Edit: After a few days of experimenting with the proposed solutions I have concluded that the only way that works well enough for me is Mike Dunlavey's suggestion, even though this creates many other difficulties with cost components that have different units. I am practically forced to compare apples with oranges.
So, I put some effort into "normalizing" the values. First, deadline_cost is a sum of squares, so it grows exponentially while the other components grow linearly. To address this I use the square root to get a similar growth rate.
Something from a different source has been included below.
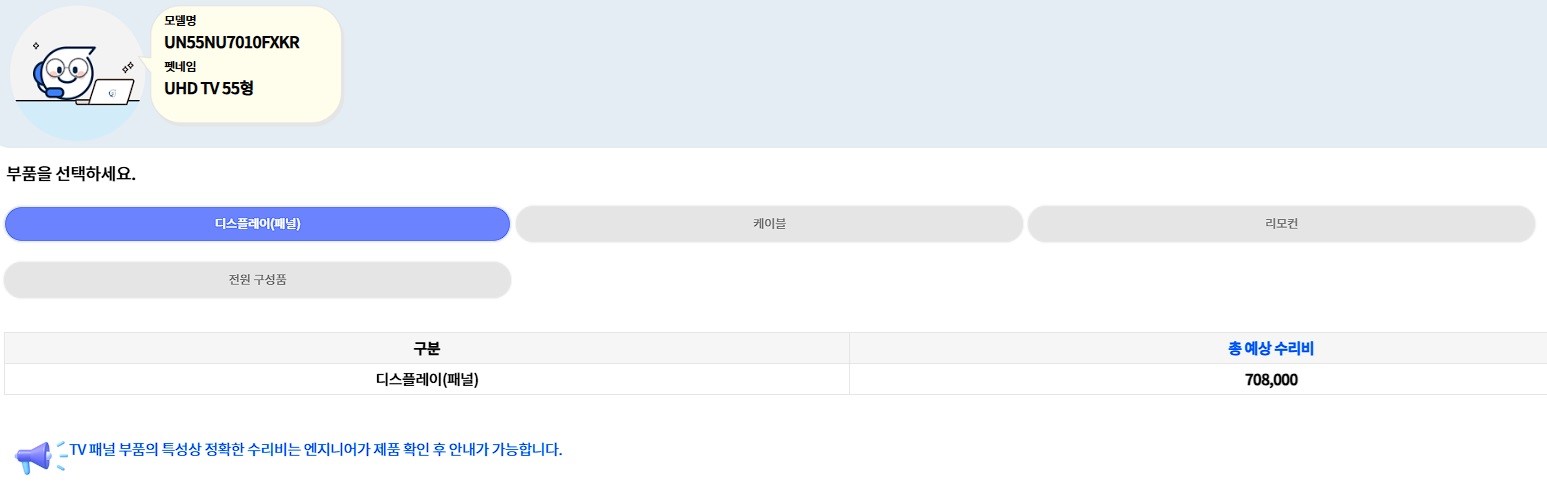 [TV] 삼성전자서비스에서 예상 소모품/수리비 확인

Second, I developed a function that computes a linear combination of the costs, but auto-adjusts the coefficients according to the highest cost component seen so far.
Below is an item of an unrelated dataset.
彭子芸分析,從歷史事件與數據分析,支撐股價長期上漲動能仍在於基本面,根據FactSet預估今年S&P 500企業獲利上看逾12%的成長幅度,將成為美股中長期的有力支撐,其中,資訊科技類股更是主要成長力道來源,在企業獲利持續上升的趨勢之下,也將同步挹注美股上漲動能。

For example, if the tuple of highest costs is (A, B, C) and the input cost vector is (x, y, z), the linear combination is BCx + Cy + z. That way, no matter how high z gets it will never be more important than an x value of 1.
This creates "jaggies" in the cost function as new maximum costs are discovered. For example, if C goes up then BCx and Cy will both be higher for a given (x, y, z) input and so will differences between costs. A higher cost difference means that the acceptance probability will drop, as if the temperature was suddenly lowered an extra step. In practice though this is not a problem because the maximum costs are updated only a few times in the beginning and do not change later. I believe this could even be theoretically proven to converge to a correct result since we know that the cost will converge toward a lower value.
One thing that still has me somewhat confused is what happens when the maximum costs are 1.0 and lower, say 0.5. With a maximum vector of (0.5, 0.5, 0.5) this would give the linear combination 0.5*0.5*x + 0.5*y + z, i.e. the order of precedence is suddenly reversed. I suppose the best way to deal with it is to use the maximum vector to scale all values to given ranges, so that the coefficients can always be the same (say, 100x + 10y + z). But I haven't tried that yet.
mbeckish is right.
Could you make a linear combination of the different energies, and adjust the coefficients?
Possibly log-transforming them in and out?
I've done some MCMC using Metropolis-Hastings. In that case I'm defining the (non-normalized) log-likelihood of a particular state (given its priors), and I find that a way to clarify my thinking about what I want.
I would take a hint from multi-objective evolutionary algorithm (MOEA) and have it transition if all of the objectives simultaneously pass with the acceptance_probability function you gave. This will have the effect of exploring the Pareto front much like the standard simulated annealing explores plateaus of same-energy solutions.
However, this does give up on the idea of having the first one take priority.
You will probably have to tweak your parameters, such as giving it a higher initial temperature.
I would consider something along the lines of:
If (new deadline_cost > old deadline_cost)
return (calculate probability)
else if (new global finish time > old global finish time)
return (calculate probability)
else if (new split cost > old split cost)
return (calculate probability)
else
return (1.0)
Of course each of the three places you calculate the probability could use a different function.
It depends on what you mean by "takes precedence".
For example, what if the deadline_cost goes down by 0.001, but the global_finish_time cost goes up by 10000? Do you return 1.0, because the deadline_cost decreased, and that takes precedence over anything else?
This seems like it is a judgment call that only you can make, unless you can provide enough background information on the project so that others can suggest their own informed judgment call.